Anything I am missing?

> Can't join describe() of DataFrame in Scala 2.10
> ------------------------------------------------
>
>                 Key: SPARK-16173
>                 URL: https://issues.apache.org/jira/browse/SPARK-16173
>             Project: Spark
>          Issue Type: Bug
>          Components: SQL
>    Affects Versions: 1.5.2, 1.6.1, 2.0.0
>            Reporter: Davies Liu
>
> descripbe() of DataFrame use Seq() (it's a Iterator actually) to create 
> another DataFrame, which can not be serialized in Scala 2.10.
> {code}
> org.apache.spark.SparkException: Task not serializable
>       at 
> org.apache.spark.util.ClosureCleaner$.ensureSerializable(ClosureCleaner.scala:304)
>       at 
> org.apache.spark.util.ClosureCleaner$.org$apache$spark$util$ClosureCleaner$$clean(ClosureCleaner.scala:294)
>       at org.apache.spark.util.ClosureCleaner$.clean(ClosureCleaner.scala:122)
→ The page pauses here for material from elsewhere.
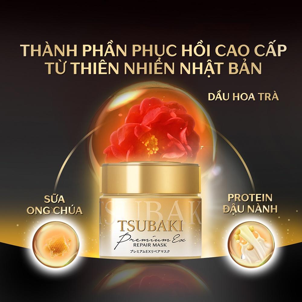 - Mặt Nạ Tóc Cao Cấp Tsubaki Phục Hồi Hư Tổn mang công thức hỗ trợ phục hồi nhanh, giúp bạn nuôi dưỡng từ gốc đến ngọn và sâu trong lõi tóc với những chiết xuất thiên nhiên giàu dưỡng chất, trả lại vẻ óng ả, bồng bềnh tự nhiên cho mái tóc, để bạn thêm tự tin, uốn nhuộm hay tạo kiểu theo ý thích.
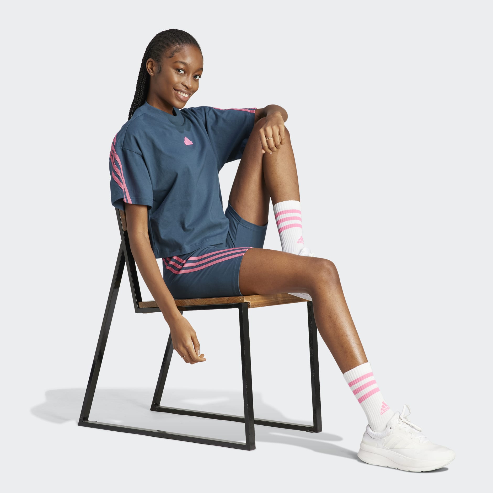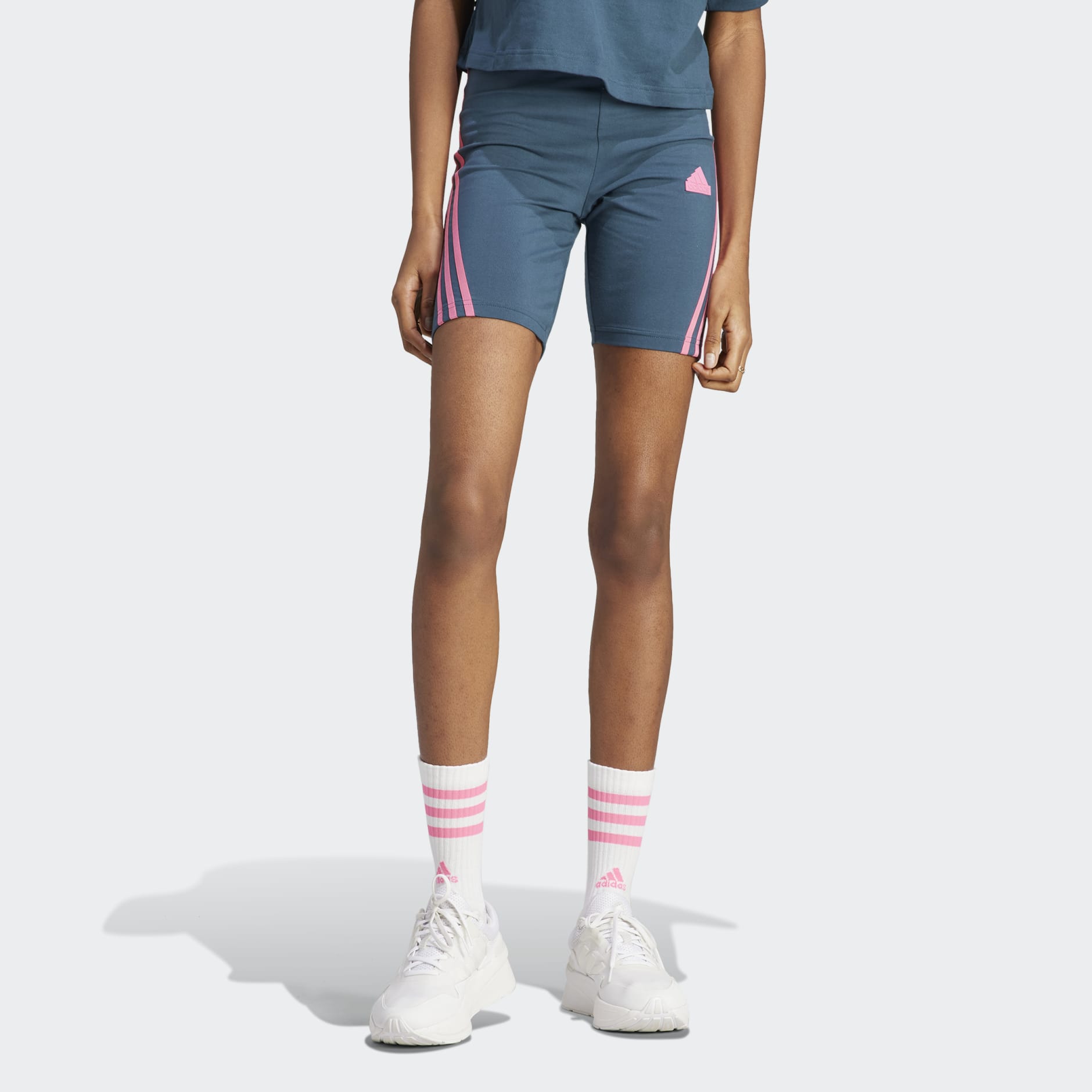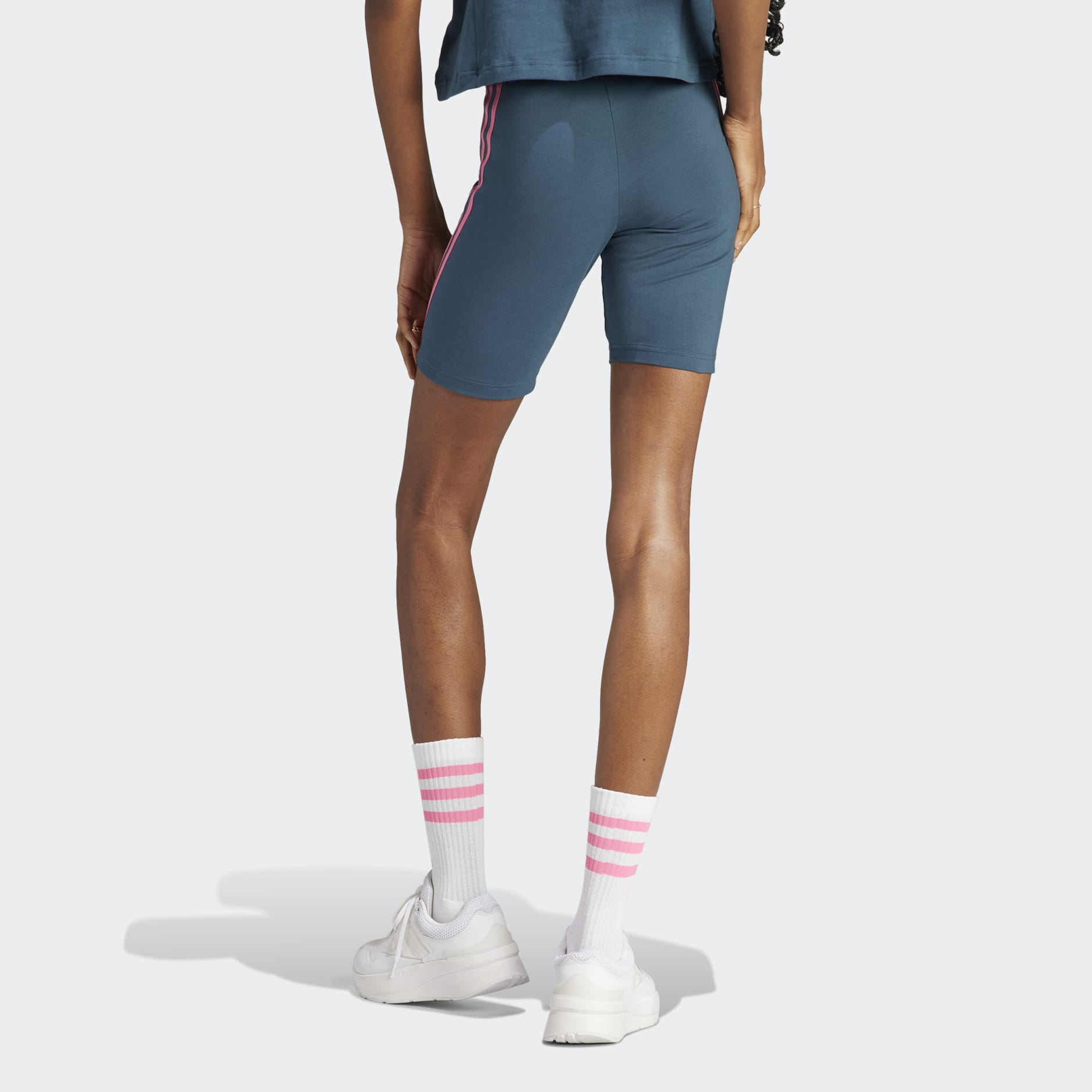 Feel at ease in these comfy adidas bike shorts. The soft, stretchy cotton fabric makes them ideal for everyday wear. The high-rise waist stays put and sits flat against your core, while 3-Stripes wrap both sides for a sporty look. Our cotton products support more sustainable cotton farming.

>       at org.apache.spark.SparkContext.clean(SparkContext.scala:2060)
>       at 
> org.apache.spark.rdd.RDD$$anonfun$mapPartitions$1.apply(RDD.scala:707)
>       at 
> org.apache.spark.rdd.RDD$$anonfun$mapPartitions$1.apply(RDD.scala:706)
>       at 
> org.apache.spark.rdd.RDDOperationScope$.withScope(RDDOperationScope.scala:150)
>       at 
> org.apache.spark.rdd.RDDOperationScope$.withScope(RDDOperationScope.scala:111)
>       at org.apache.spark.rdd.RDD.withScope(RDD.scala:316)
>       at org.apache.spark.rdd.RDD.mapPartitions(RDD.scala:706)
>       at 
> org.apache.spark.sql.execution.ConvertToUnsafe.doExecute(rowFormatConverters.scala:38)
>       at 
> org.apache.spark.sql.execution.SparkPlan$$anonfun$execute$5.apply(SparkPlan.scala:132)
>       at 
> org.apache.spark.sql.execution.SparkPlan$$anonfun$execute$5.apply(SparkPlan.scala:130)
>       at 
> org.apache.spark.rdd.RDDOperationScope$.withScope(RDDOperationScope.scala:150)
>       at org.apache.spark.sql.execution.SparkPlan.execute(SparkPlan.scala:130)
>       at 
> org.apache.spark.sql.execution.joins.BroadcastHashJoin$$anonfun$broadcastFuture$1$$anonfun$apply$1.apply(BroadcastHashJoin.scala:82)
>       at 
> org.apache.spark.sql.execution.joins.BroadcastHashJoin$$anonfun$broadcastFuture$1$$anonfun$apply$1.apply(BroadcastHashJoin.scala:79)
>       at 
> org.apache.spark.sql.execution.SQLExecution$.withExecutionId(SQLExecution.scala:100)
>       at 
> org.apache.spark.sql.execution.joins.BroadcastHashJoin$$anonfun$broadcastFuture$1.apply(BroadcastHashJoin.scala:79)
>       at 
> org.apache.spark.sql.execution.joins.BroadcastHashJoin$$anonfun$broadcastFuture$1.apply(BroadcastHashJoin.scala:79)
>       at 
> scala.concurrent.impl.Future$PromiseCompletingRunnable.liftedTree1$1(Future.scala:24)
>       at 
> scala.concurrent.impl.Future$PromiseCompletingRunnable.run(Future.scala:24)
>       at 
> java.util.concurrent.ThreadPoolExecutor.runWorker(ThreadPoolExecutor.java:1142)
>       at 
> java.util.concurrent.ThreadPoolExecutor$Worker.run(ThreadPoolExecutor.java:617)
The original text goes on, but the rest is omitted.